As the regular season came to a close, it felt like a Broncos-Falcons matchup was headed our way. But a last second change came down from the top. In the divisional round, the league went with a relative unknown in Joe Flacco over one of it’s biggest stars, Peyton Manning. To their credit, they booked a wild game that had fans on the edge of their seats. One of the few double overtime games in league history ended, along with Denver’s 11-game winning streak, when Justin Tucker connected on a field goal.
Peyton Manning’s free agency tour was the biggest story of the offseason heading into the year. Finally free from Indianapolis, he had all the momentum in the world heading into those playoffs. However, the league chickened out at the last second on crowning their hero based on the serious injury he was returning from.
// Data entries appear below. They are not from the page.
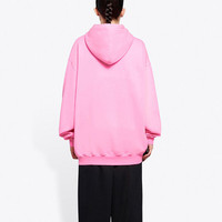 Sponsor Medium Fit Hoodie in pink and white fleece PRODUCT DETAILS Composition: 100% Cotton - Organic fleece - Medium fit - 1 kangaroo pocket on front - Hood with drawstring - Sponsor logo printed at front - Made in Portugal - Cold machine wash - Model is 179 cm / 5'10" and is wearing a FR size S
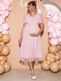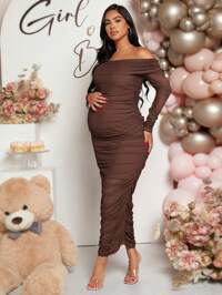 LoomabyLoomaby Pregnant Women's Elegant Tie-Dye Print Ruched Foldover Off Shoulder Dress, Suitable For Party, Banquet, And Vacation,Gender Reveal Dress,Maternity Dress, Baby Shower , Spring Outfit Women , Spring Break OutfitsDress,Pink Dress ,Pink Dresses For Women
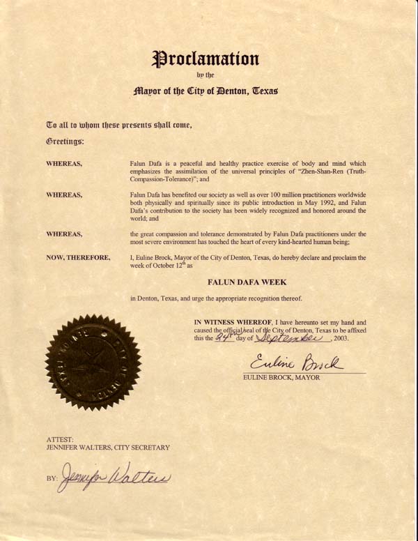 鉴于,法轮大法自1992年5月传出以来已使本社区及全世界一亿多学员身心极大受益;法轮大法对社会的贡献在全世界被广泛认同和嘉奖;并且
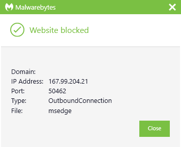 The IP address 167.99.204.21 was blocked as part of the range 167.99.204.21/32 by Malwarebytes because it was associated with a Trojan.
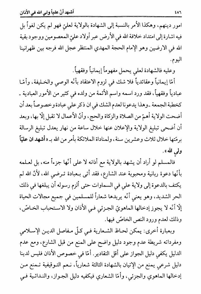 أشهد أن عليا ولي الله، في الأذان بين الشرعية والإبتداع
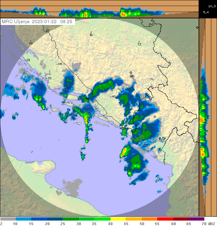 U trenutku pisanja, jači pljuskovi i neverini nalaze se na području južno od Dubrovnika, Korčule i Pelješca, te zapadno od Visa.

Even then, it was a bold choice to stick it out with the Ravens the whole way. They didn’t want to waste Manning’s defeat. Makes sense. Sadly, judging by the fans reaction to Flacco in the following years, that’s exactly what they did.
Chapter III: The Ugly
What was the point of that?
The last thing the NFL wants to leave fans thinking. That was the result of a divisional round game between the Packers and Dallas Cowboys at the end of the 2014 season. The game itself was great. Two of the league’s most marketable quarterbacks battling it out for a chance to go to Seattle for the NFC Championship.
So when the ending of the game was muddled by an overturned catch by Dez Bryant, fans wanted to know what the goal was. It was nothing more than a unique way to protect the Cowboys in defeat, but it left a bad taste in everyone’s mouth. Bringing the rulebook into question is never the right way to go in a game of that magnitude. That’s the kind of issue you touch on during a Browns game in September. What’s worse is it made the Packers less credible heading into the the title game.
This is one the league could have done without.